Your child's pediatrician handed you a diagnosis and told you the school needs to "do something." Now the school is offering a 504 plan. Is that good enough—or should you be pushing for an IEP? In New Hampshire, the answer depends on something most generic guides miss entirely.
The Core Difference
An IEP (Individualized Education Program) is governed by the federal Individuals with Disabilities Education Act (IDEA) and New Hampshire's Ed 1100 rules. It provides specialized instruction—an actual modification to how content is taught, the methodology used, or the delivery of instruction.
A Section 504 plan is a civil rights accommodation document governed by the Rehabilitation Act of 1973. It removes barriers and ensures equal access for students with disabilities, but it does not provide specialized instruction. Extended time on tests, preferential seating, and reduced homework volume are 504 accommodations. Intensive reading intervention using a specific evidence-based methodology, or a dedicated paraprofessional—those are IEP services.
The test is simple: does your child need the curriculum modified or the instruction specially designed, or do they just need the environment adjusted?
New Hampshire's Stricter IEP Threshold
Here is where New Hampshire diverges from how many families expect the system to work, especially those who moved from Massachusetts.
To qualify for an IEP in New Hampshire, a student must:
- Have a recognized disability in one of New Hampshire's 14 categories, AND
- Require specialized instruction as a result of that disability
Step 2 is the gatekeeping requirement. A student whose disability is documented but who can access grade-level curriculum with accommodations alone does not qualify for an IEP in New Hampshire—they qualify for a 504 plan.
The Massachusetts Transition Problem
Families relocating from Massachusetts face immediate friction. Massachusetts law is broader: it allows "related services only" IEPs, meaning a child who needs only speech therapy or occupational therapy—without any modification to their academic curriculum—can hold a Massachusetts IEP.
New Hampshire does not recognize this. When a child crosses the border with a Massachusetts OT-only IEP, the NH SAU will typically re-evaluate and step them down to a 504 plan. Parents who aren't prepared for this experience it as a loss of services. In some cases it is; in others, the 504 plan is genuinely the appropriate level of support. The key is knowing whether your child's therapy services are helping them access general education (504 territory) or whether they are necessary for the child to receive specialized academic instruction (IEP territory).

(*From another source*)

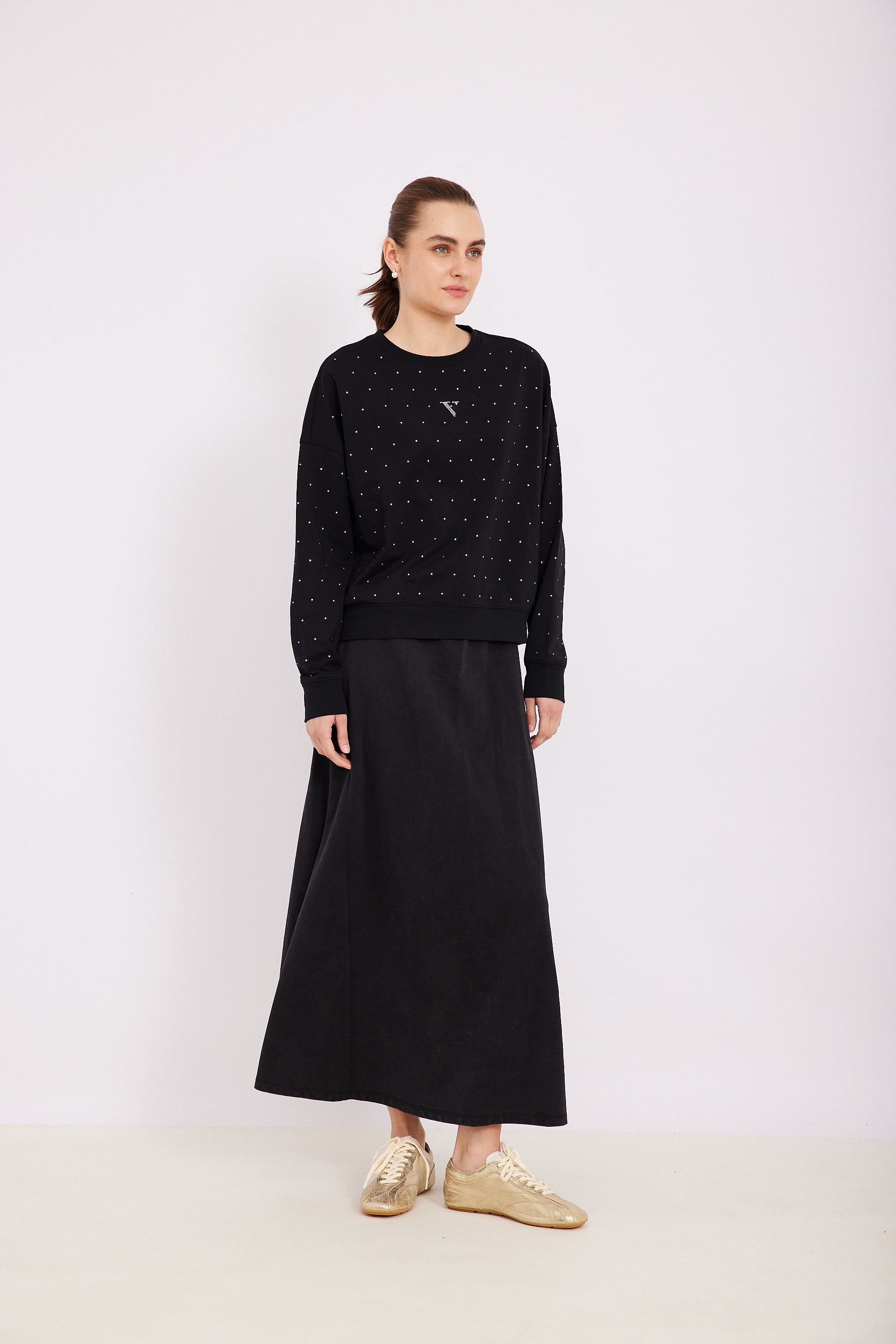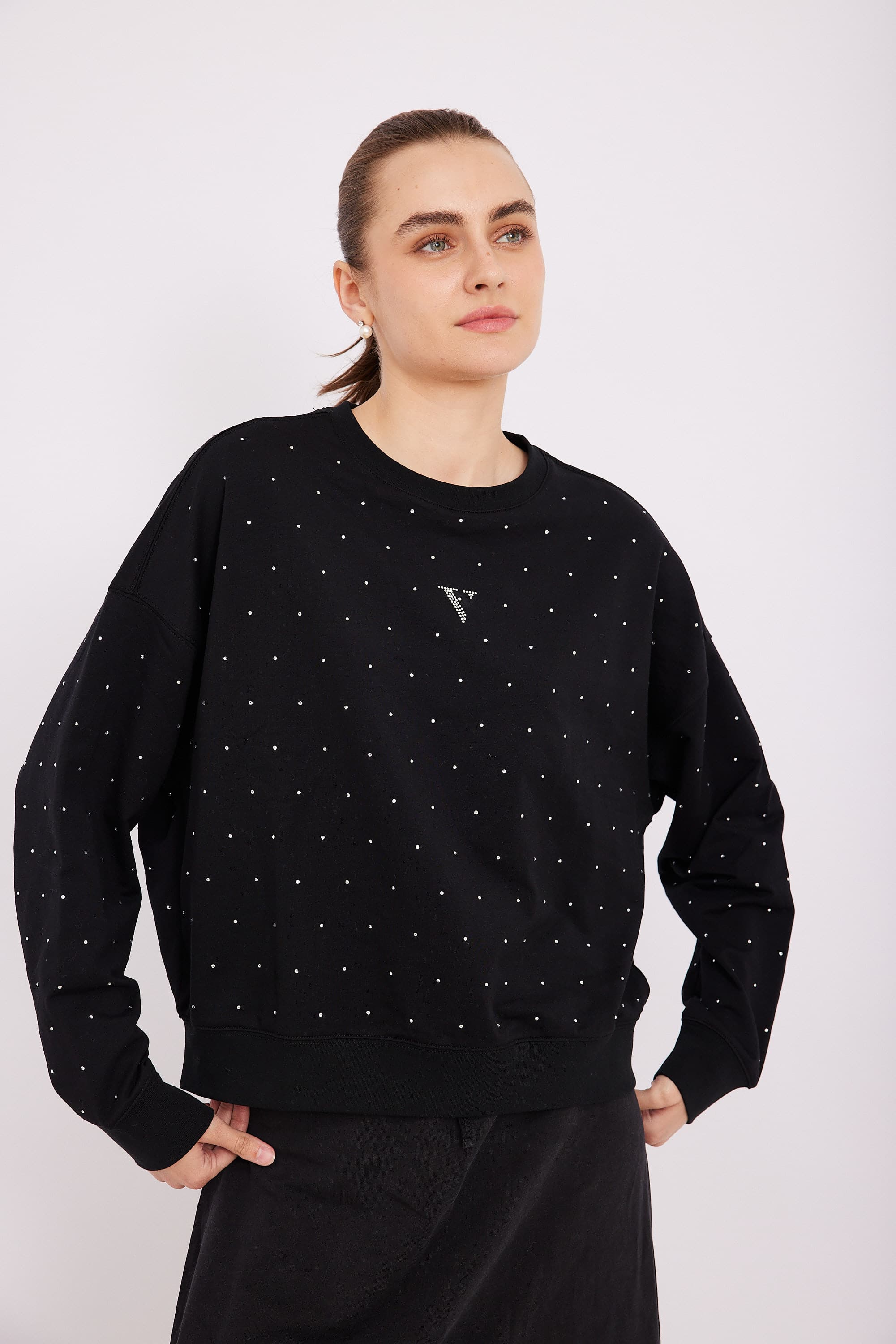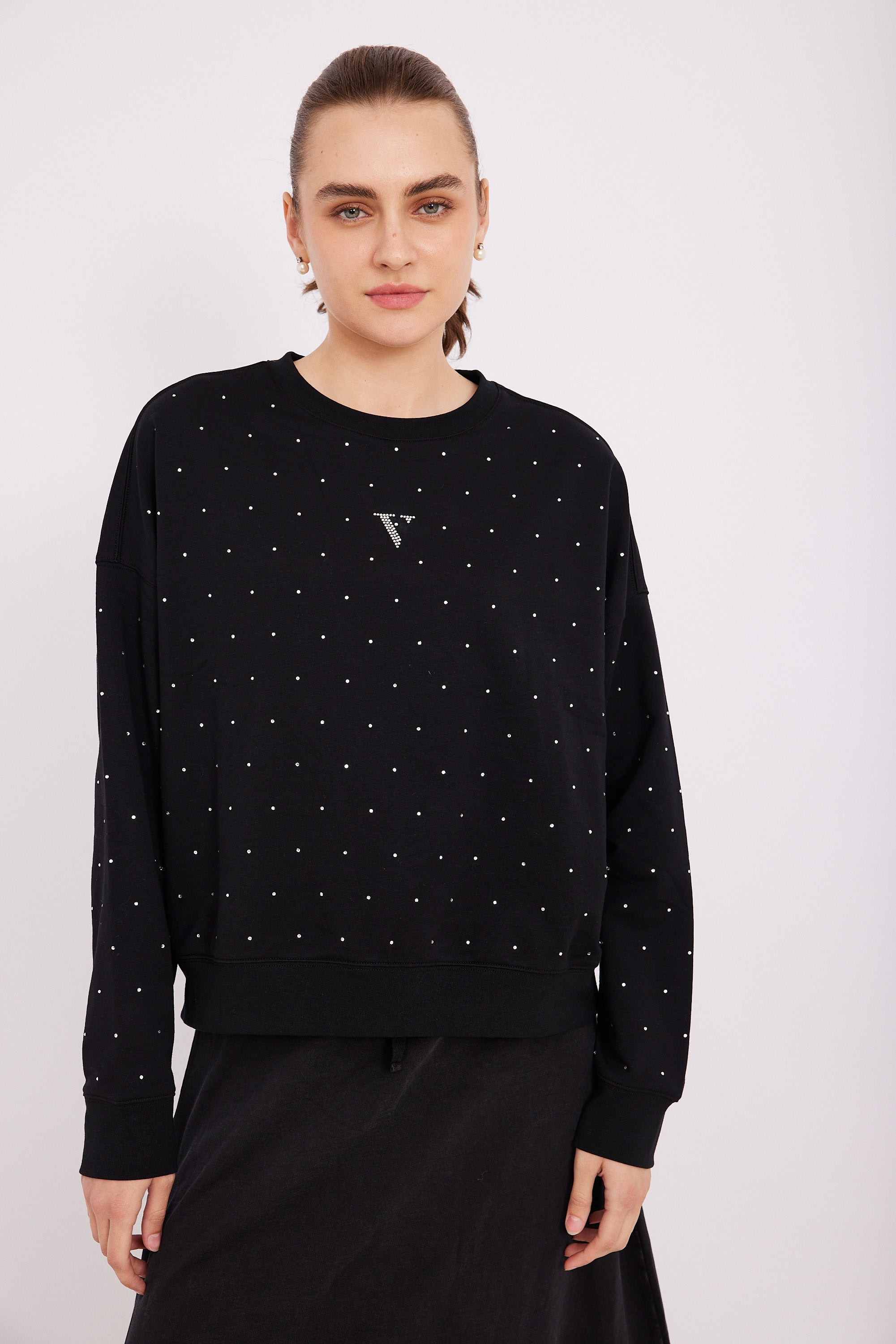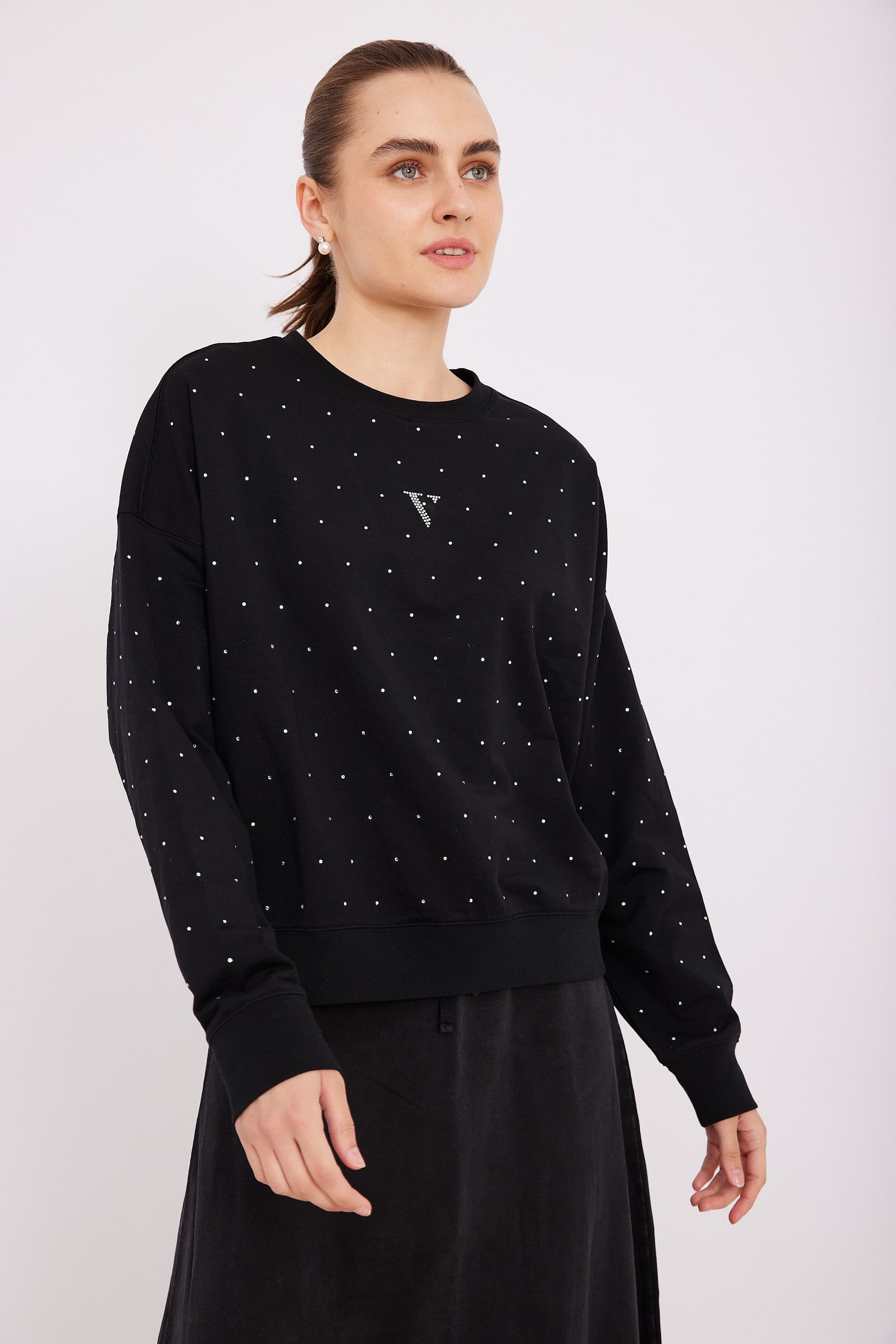 חולצה מבד פוטר נח ונעים, עם שילוב אבנים קטנות.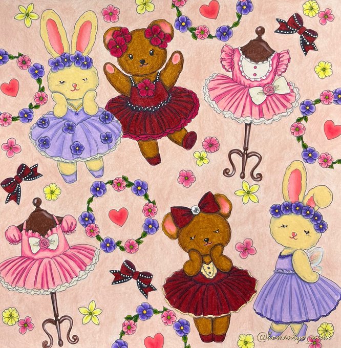 「夢色12か月の塗り絵POSTCARD BOOK」よりイースターのページが完成しました🥰❤️ほんわか幸せな感じで塗ることができました🥰❤️ #夢色12か月の塗り絵postcardbook #たけいみき #夢色12か月の塗り絵 #河出書房新社

Procedural Protections: A Major Difference
This is where the stakes diverge sharply.
IEP protections under Ed 1100 are extensive:
- Strict 60-day evaluation timeline (Ed 1107)
- Mandatory Written Prior Notice (WPN) before any change
- Right to an Independent Educational Evaluation (IEE) at public expense if you disagree with the district's evaluation
- Formal due process hearing rights
- The burden of proof in NH due process hearings falls on the school district, not the parent (RSA 186-C:16-b III-a)
504 plan protections are significantly thinner:
- No state-mandated timelines
- NHDOE provides model forms, but districts are not required to use them
- No right to a publicly funded IEE
- Disputes go to OCR (Office for Civil Rights) or internal district grievance procedures—not the same due process hearing system
This procedural gap is why a 504 plan that looks adequate on paper can be nearly impossible to enforce when the school stops following it. There is no IEP team meeting mechanism, no annual review requirement with the same teeth, and no formal prior notice obligation before a school reduces 504 accommodations.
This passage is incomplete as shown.